Improving the Reading Experience with On-Device Content Distillation
In today’s digital age, accessing news and information is primarily done through smartphones and desktop web browsers. However, the clutter and complexity of websites can make reading and navigating articles difficult, especially for individuals with accessibility needs. To address this issue, Android and Chrome users have access to the Reading Mode feature, which enhances accessibility by customizing contrast, text size, and font, as well as enabling text-to-speech capabilities. Android’s Reading Mode can even distill content from apps. But expanding Reading Mode’s capabilities without compromising privacy is a challenge.

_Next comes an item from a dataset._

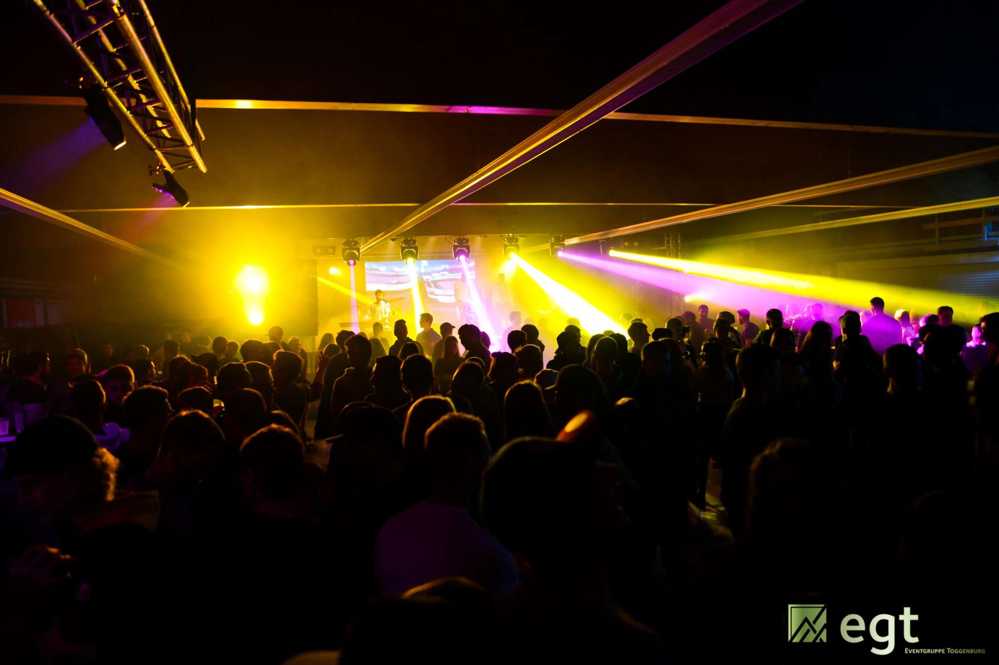 Eine Bühne und die dazugehörige Infrastruktur sind vorhanden.

To tackle this challenge, Google Research has developed an innovative on-device content distillation model. Unlike previous methods that were limited to news articles, our model excels in quality and versatility across different types of content. We ensure that the article content stays within the user’s device to protect privacy. Our model transforms long-form content into a simplified layout for a better reading experience and outperforms other approaches.
Using Graph Neural Networks
Instead of using complicated heuristics that are hard to scale, we approached the task as a supervised learning problem. This data-driven approach allows the model to generalize better across different layouts. Previous methods relied on HTML or parsing techniques, but our model utilizes accessibility trees, which provide a streamlined representation of the webpage’s structure. These trees are generated from the DOM tree and are used by assistive technologies to make web content accessible.
We manually collected and annotated accessibility trees from Android and Chrome datasets. We developed a novel tool that uses Graph Neural Networks (GNNs) to distill essential content from the trees. GNNs are ideal for analyzing tree-like data structures because they can learn the connections naturally without the need for manual feature crafting. By feeding the tree structure into the model, GNNs can discern the relationships and identify non-essential sections more accurately.
The Model Architecture
Our model follows the encode-process-decode paradigm using a message-passing neural network. The tree structure of the article is the input to the model, and lightweight features based on bounding box information, text information, and accessibility roles are computed. The GNN propagates each node’s representation through the edges of the tree to share information and enhance the model’s understanding of the page’s structure. After a fixed number of message-passing steps, the latent representations of the nodes are decoded into essential or non-essential classes.
A Lightweight and Privacy-Focused Solution
To ensure broad generalization across languages and preserve privacy, we limited the feature set used by the model. Our final lightweight Android model has 64k parameters and is 334kB in size, with a median latency of 800ms. The Chrome model has 241k parameters, is 928kB in size, and has a median latency of 378ms. By processing the data on the device, we never transmit user data externally, prioritizing user privacy.
We trained the GNN for about 50 epochs and evaluated the model’s performance on webpages and native applications. The results show high precision, recall, and F1-score for essential content, headlines, and main body text.
The quality of the distilled content is remarkable, with an F1-score exceeding 0.9 for main-text (paragraphs). This means that 88% of articles are processed without missing any paragraphs. Over 95% of readers find the distilled content valuable, perceiving it as pertinent and accurate.
Google Research has developed an on-device content distillation model that greatly improves the reading experience. By leveraging Graph Neural Networks and accessibility trees, our model accurately distills essential content and enhances the readability of articles. With a lightweight design and focus on privacy, this model provides users with a seamless and private reading journey.